Friday, July 31, 2009

Mike Rozeff on the Fed's Wrecking of the Economy and Bernanke's Collectivism

After some very insightful quantitative analysis, Mike Rozeff makes the following observations in an article about the Fed and Ben Bernanke's collectivism:
It is entirely reasonable to conclude that discretionary central banking with open market operations and without gold playing an essential constraining role is the cause of greater price instability and price inflation. Central banking with discretionary open market operations and without the constraint of gold is what helps defines central banking; that and the fact that its notes are legal tender by law. If open market operations were taken away and if the central bank had to redeem its currency in gold, we would no longer have central banking as we know it now and as we have known it since 1913. For this reason, it is reasonable simply to say that central banking is the cause of greater price instability. To achieve price stability, we need only get rid of central banking. If we do that by stripping it of various powers like open market operations and by making it redeem in gold, all the while retaining the shell institution, we are essentially getting rid of central banking.

We can reach these conclusions if we look at the record. They are not conclusions that depend on being a libertarian, a socialist, a democrat, a republican, a collectivist, or anything else.

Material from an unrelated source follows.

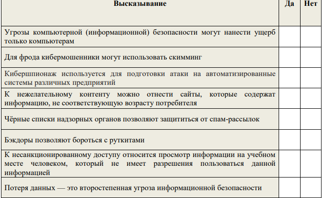 МОДУЛЬ 2. Заполните таблиц, указав только один из предложенных вариантов.

And if we go into the matter more deeply and examine the theory of how the monetary systems operate before and after 1913, we will affirm these conclusions again. I will do this only briefly, but enough to convey the basic idea. Banks before 1913 could not inflate in any serious way because if they did, there would be a run on the bank. The depositors would demand redemption in gold, and that would cut short the bank’s inflation. So banks had to be careful about making too many loans. After 1913, the FED essentially had the power to inflate without having to worry about gold redemption. At first it did this for special reasons like wars and depression; and gold actually flowed into the U.S. because of problems overseas. But eventually, the government simply stopped redeeming in gold altogether, so that the FED could inflate without gold as a constraint. And so, no matter what our political beliefs are, we have to conclude that sensible theory also tells us that central banking causes price instability.